It was Greenlee's second attempt at getting the measure to become law after Nutter first shot the bill down in 2011. Despite a push by advocates and union leaders such as John Dougherty, business manager of Local 98 of the International Brotherhood of Electrical Workers, the six Councilmen who voted against the bill four weeks ago - Mark Squilla, Brian O'Neill, Denny O'Brien, Jim Kenney, David Oh and Bill Green - remained unmoved.
"We just hit them with three real estate tax increases in a row, we have AVI crushing small businesses, we have the use-and-occupancy tax we raised 20 percent last year . . . now mandatory sick leave?" said Squilla. "That's too much for them to swallow."
Nutter and some businesses leaders said the bill would hurt businesses and jobs. Advocates and workers who the bill would benefit said it would help reduce the spread of illnesses.

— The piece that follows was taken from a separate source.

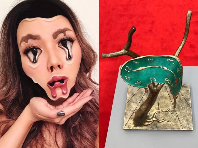 На эту мейкап-иллюзию Мими вдохновила бронзовая скульптура Сальвадора Дали «Сюрреалистический Ньютон». На создание страшного образа ушло полтора часа. И это не первая её работа, созданная по мотивам творчества великого и сумасшедшего Дали.
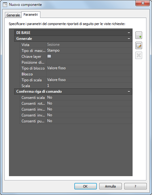 7. Nella scheda Parametri, se lo si desidera, impostare un tipo di maschera di inserimento diversa da quella di default, Stampo, per la vista di sezione di default, quindi specificare i valori di parametro desiderati per il componente attenendosi alle istruzioni riportante nella tabella che segue la figura sottostante. È anche possibile rinominare la vista di default facendo clic su , oppure creare altre viste facendo clic su . Qualsiasi vista creata o rinominata sarà quindi disponibile dall'elenco a discesa.

Under the bill, employers with six to 20 workers would be required to provide four paid sick days a year, and larger businesses would have to provide seven days. Mom-and-pop stores would be exempt. Interns, nonregular employees, and state and federal employees would be excluded.
As an alternative, some Council members and the Chamber of Commerce have tossed up the idea of offering tax credits to businesses that offer paid sick leave. Greenlee, who said he's "not feeling that one," questioned what the cost would be to the city.
Despite the defeat in Philadelphia, New York City became the latest large city last month to mandate that businesses provide paid sick leave. Other areas with similar measures include Portland, Ore., San Francisco and Washington, D.C.
So, will Greenlee try his luck a third time? "We'll see," he said.
In other news, Council's Committee on Labor and Civil Service advanced a measure sponsored by Kenney that would provide tax credits to businesses that offer health benefits to same-sex partners. Also, under the bill all new or renovated city buildings must have gender-neutral bathrooms.